* [TASK INSTRUCTIONS]: Reproduce the data in full, exactly as given, leaving images out.

··· SOURCE DATA ···

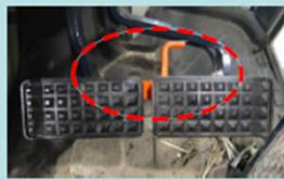
左右ブレーキの連結
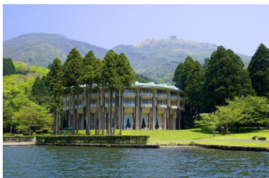
ザ・プリンス 箱根芦ノ湖
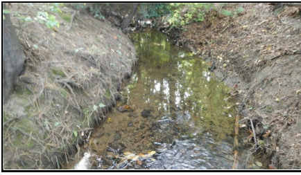
Abb. 2: Vor der Maßnahme: breiter Gewässerabschnitt mit fehlender Profilvarianz, 28.09.2017

···

* [YOUR SOLUTION]:
左右ブレーキの連結
ザ・プリンス 箱根芦ノ湖
Abb. 2: Vor der Maßnahme: breiter Gewässerabschnitt mit fehlender Profilvarianz, 28.09.2017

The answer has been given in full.